However, the best LLM for coding in this family is Falcon 3 as it offers quantized versions, making it efficient for deployment on low-resource devices, which can be useful for lightweight coding tools.

The Stability family

Best for: Filling code in the middle of tasks (FIM).

Stability AI's language models, branded under the "Stable LM" series, are designed for a wide range of applications, from multilingual communication to specialized tasks like coding and instruction-following. In addition to general-purpose LLMs, Stability AI offers specialized models like Stable Code 3B and Stable Code Instruct 3B, which are optimized for software development tasks such as code generation and completion.

Here’s how this family of LLMs is composed:

Stable LM 2 12B: A 12-billion-parameter multilingual model trained in English, Spanish, German, Italian, French, Portuguese, and Dutch, available in both base and instruction-tuned versions for versatile applications.
Stable LM 2 1.6B: A smaller, 1.6-billion-parameter multilingual model offering state-of-the-art performance in multiple languages, designed for lightweight and efficient deployment.
Stable Code 3B: A 3-billion-parameter model optimized for accurate and responsive code completion, comparable to larger models like CodeLLaMA 7B but more efficient.
Stable LM Zephyr 3B: A lightweight 3-billion-parameter chat model fine-tuned for instruction-following and Q&A tasks, offering responsive and user-friendly interactions.
Japanese Stable LM: A specialized model trained exclusively in Japanese, achieving top performance on various Japanese language benchmarks.
Japanese Stable LM 2 1.6B: A 1.6-billion-parameter Japanese language model available in both base and instruction-tuned versions, tailored for diverse Japanese language tasks.
Stable Beluga: A powerful LLM with exceptional reasoning abilities, suitable for tasks like copywriting, answering scientific questions, and generating creative ideas.
Stable Code Instruct 3B: An instruction-tuned version of Stable Code 3B, capable of handling code generation, math, and other software development tasks with natural language prompts.

License:

The base Stable LM models, such as Stable LM 2 12B and Stable LM 2 1.6B, are open source and can be freely used, modified, and adapted for various purposes.

Fine-tuned models, such as Stable LM 2 12B (Instruction-Tuned) or Stable Beluga, trained on datasets like Alpaca or GPT4All, are released under proprietary licenses.

Key features for coding:

Among all the stability models, the best coding LLM is Stable Code 3B. In particular, it stands out for its ability to perform FIM (Fill-in-the-Middle) tasks. This ability allows this model to generate code that fills in a missing section in the middle of an existing code snippet. This is different from traditional code completion, which typically involves generating code at the end of a snippet.

Starcoder

Best for: Inferencing AI models.

StarCoder is a language model (LM) developed by the BigCode project, designed to handle both source code and natural language text. It has been trained on a diverse dataset that includes over 80 programming languages, as well as text from GitHub issues, commits, and notebooks and this makes it particularly adept at tasks like code generation.
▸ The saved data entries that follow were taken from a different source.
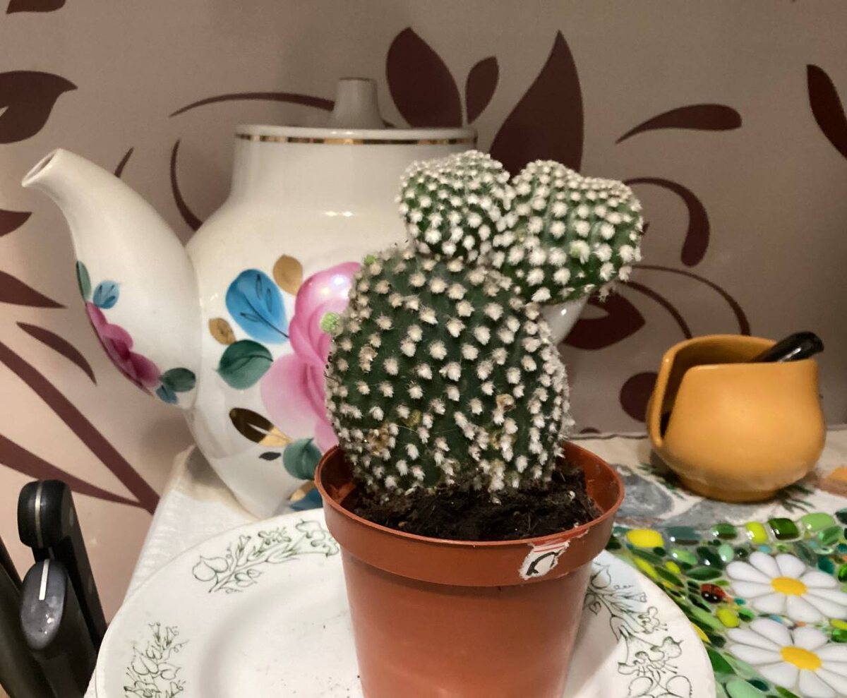 Когда-то была у меня коллекция цветущих кактусов. И решила кошка Сонечка, что жевать кактусы - это занятие как раз для кошечки. Вытаскивать пинцетом колючки из языка кошки - то еще приключение. Раздарила я тогда свои кактусы. И вот сегодня не смогла пройти мимо этой очаровашки.
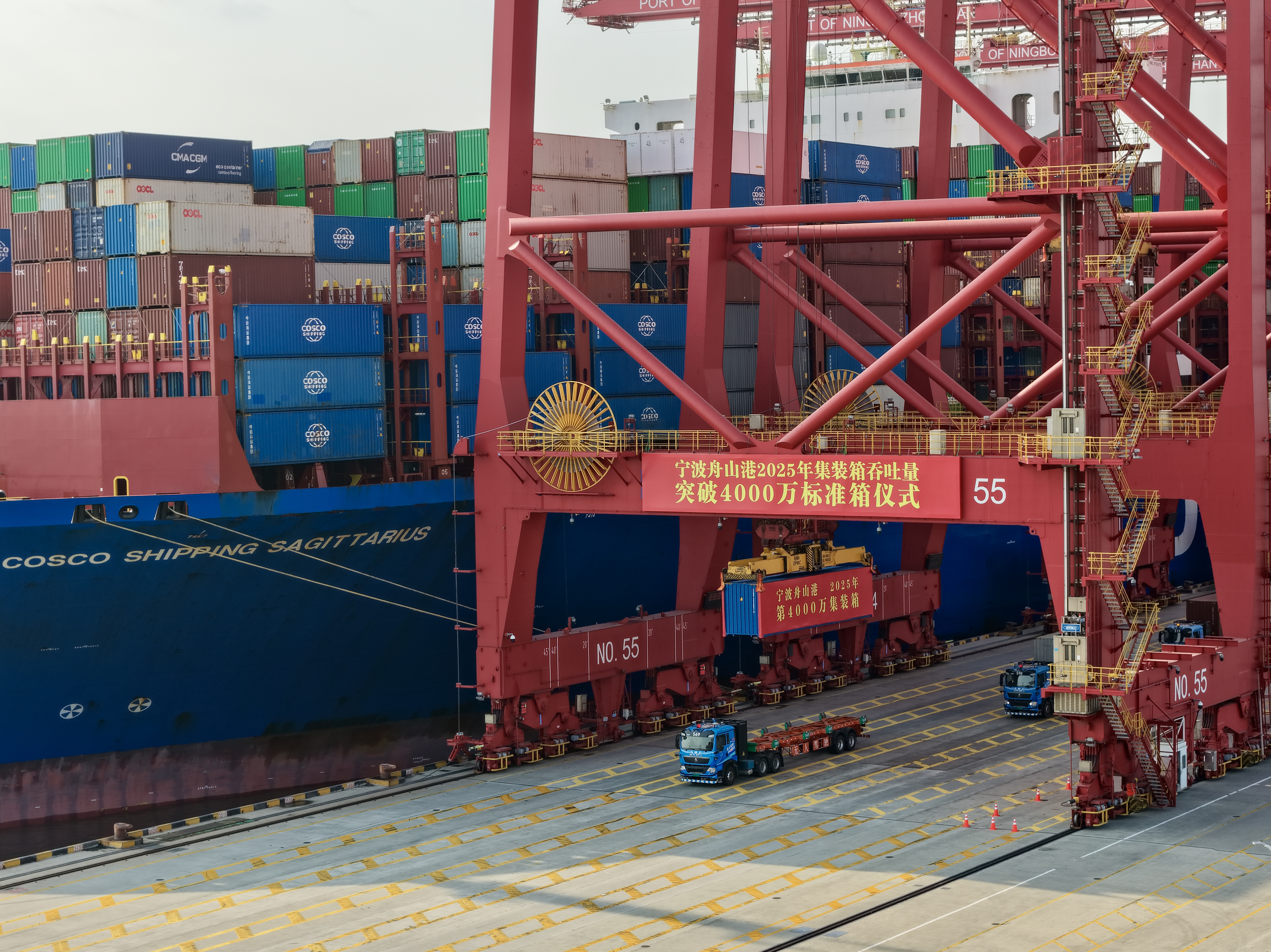 今天上午9时10分,宁波舟山港踏上历史性时刻——年集装箱吞吐量首次突破4000万标准箱,成功实现第四次“千万集装箱级”跃升,为中国海外制造再添硬核支撑。从量的积累到质的飞跃,宁波舟山港的增速书写了全球港口发展的“中国速度”:从1000万标箱到2000万标箱,用了7年;从1000万标箱到2000万标箱,用了7年;从2000万到3000万,用了6年;而从3000万到4000万,只用了4年时间。宁波舟山港也由此成为近十年来世界五大港口中发展最快、规模最大的港口。这一里程碑的背后,是浙江推进世界港口建设的坚定步伐,也是中国外贸平稳运行的鲜明体现。摄影:唐建凯
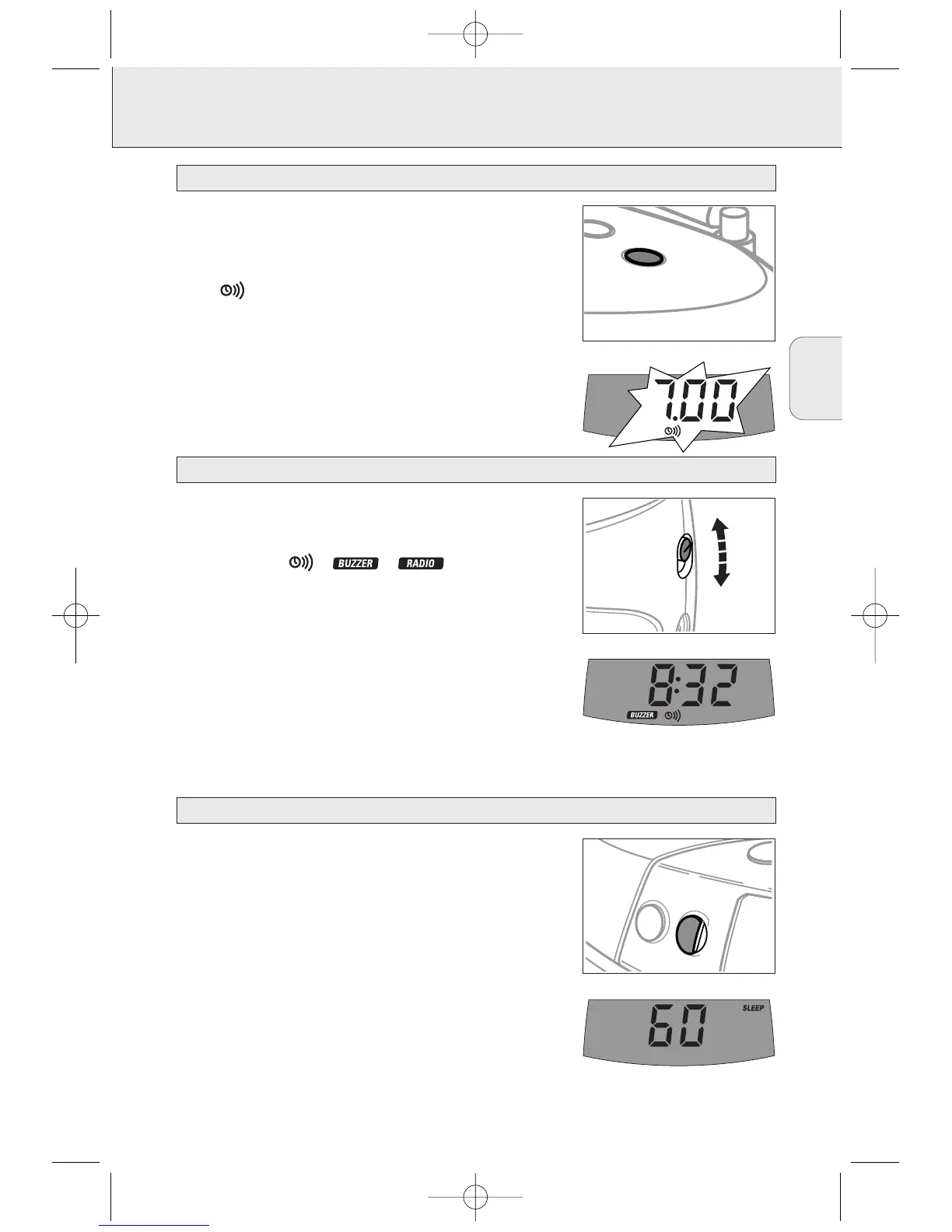 el zumbador de alarma o la radio a una hora preseleccionada.

The model is accessible through the Hugging Face Transformers library, enabling developers to integrate it into their workflows for coding assistance and generation. The model has been fine-tuned to function as a coding assistant, with a specific focus on enhancing its ability to follow instructions and align its outputs with human needs. This fine-tuning process leverages high-quality datasets, such as Q&A pairs from Stack Exchange, and employs tools like Hugging Face's PEFT and bits and bytes for efficient training.

License:

Open source (Apache-2.0).

Key features for coding:

Developers can fine-tune StarCoder on specific datasets or tasks to improve its performance in niche areas, such as domain-specific programming or unique coding styles. This flexibility allows organizations to adapt the model to their specific needs.

Furthermore, it supports efficient inference through optimizations like FP16, BF16, and 8-bit precision, which reduce memory requirements while maintaining performance. This makes it accessible for use on consumer-grade GPUs or even CPUs, depending on the task and model size.

The XGen family

Best for: Analyzing large code bases.

The XGen family of models, developed by Salesforce AI Research, represents a series of open-source large language models designed for long-sequence modeling. The flagship model, XGen-7B, is trained to handle input sequences of up to 8000 tokens, making it particularly suitable for tasks requiring extended context. Tis family includes three variants:

XGen-7B-4K-Base supporting 4K sequence length.
XGen-7B-8K-Base supporting 8K sequence length.
XGen-7B-8K-Inst fine-tuned for instruction-based tasks and intended for research purposes.

These models are designed as auto-regressive samplers, enabling developers to generate text by providing a prompt and sampling from the model's output. The implementation is straightforward, utilizing the HuggingFace Transformers library for loading the models and tokenizers.

License:

Open source (Apache-2.0).

Key features for coding:

While primarily designed for long-sequence natural language processing tasks, the XGen models are also suitable for coding-related applications.

For example, with the support for up to 8000 tokens, the XGen-7B-8K-Base model can process and generate code that spans long files or complex scripts. This feature makes it the best LLM for coding from its family when you have to manage tasks like analyzing large codebases.

The Pythia family

Best for: Learning how LLM models learn and process information.

The Pythia LLM family, developed by EleutherAI, is a suite of autoregressive transformer models designed to facilitate research in interpretability, learning dynamics, and ethical AI practices. The project uniquely emphasizes transparency and reproducibility, offering public access to all models, data, and code.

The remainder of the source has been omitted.